Estimating confidence intervals from binomial theory
We can use binomial theory to estimate the uncertainty of each percentile (in terms of percentile values), and then translate these uncertainties into ranges of grain sizes using the sample data.
For example, we know that for the median size, the expected number of observations less than the median value ought to be \(np\), where \(n\) is the total number of observations and \(p\) is the percentile of interest (i.e. 0.50 in this case). However, binomial theory implies that the actual number of observations less than this value is a normally distributed quantity with a mean value of \(np\) and a standard deviation of \(\sqrt{np(1-p)}\). It is quite easily to calculate the confidence interval for any percentile in terms of the percentile values themselves.
alpha = 0.05
percentile = seq(0.1,0.9,0.1)
n = c(100,200,400)
tcrit = qt(1 - alpha/2, n)
ci.upper = matrix(data = NA, nrow = length(percentile), ncol = length(n))
ci.lower = matrix(data = NA, nrow = length(percentile), ncol = length(n))
for (i in seq_along(percentile)){
sigma = sqrt(n*percentile[i]*(1-percentile[i]))
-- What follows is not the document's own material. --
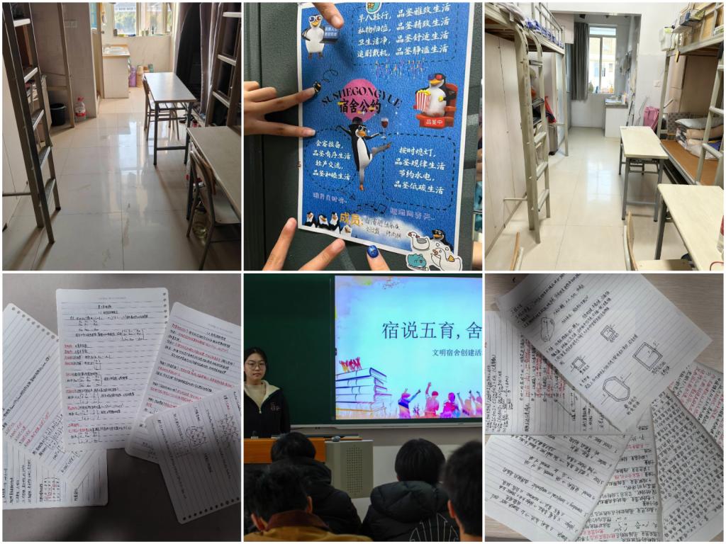 活动围绕“德育之星”、“智育之星”、“体育之星”、“美育之星”、“劳育之星”五大赛道展开。各宿舍踊跃参与,特色鲜明:德育赛道成员共同制定公约,涵养优良风气;智育赛道推选“最美笔记”,营造共进学风;体育赛道展示运动风采,凝聚青春活力;美育赛道巧手改造弃物,践行环保美学;劳育赛道聚焦功能区整理,打造整洁环境。学院学生会生活部及班级生活委员依据主题契合度、创意落地性、团队协作度进行线上评审,最终评选出16间“五育之星”宿舍,并为获奖代表颁发荣誉证书,树立了宿舍文化建设标杆。

ci.upper[i,] = round((n*percentile[i] + tcrit*sigma)/n, digits = 2)
ci.lower[i,] = round((n*percentile[i] - tcrit*sigma)/n, digits = 2)
}
ci.percentile = data.frame(percentile,
ci.lower[,1],
ci.upper[,1],
ci.lower[,2],
ci.upper[,2],
ci.lower[,3],
ci.upper[,3] )
names(ci.percentile) = c('Percentile', 'L100', 'U100', 'L200', 'U200','L400', 'U400' )
ci.percentile
For example, the 50th percentile of the distribution estimated from a sample of 100 observations could fall between the 40th percentile and the 60th percentile of the sample data. For a sample of 400 observations, the 50th percentile would be expected to fall between the 45th and the 55th percentile of the sample.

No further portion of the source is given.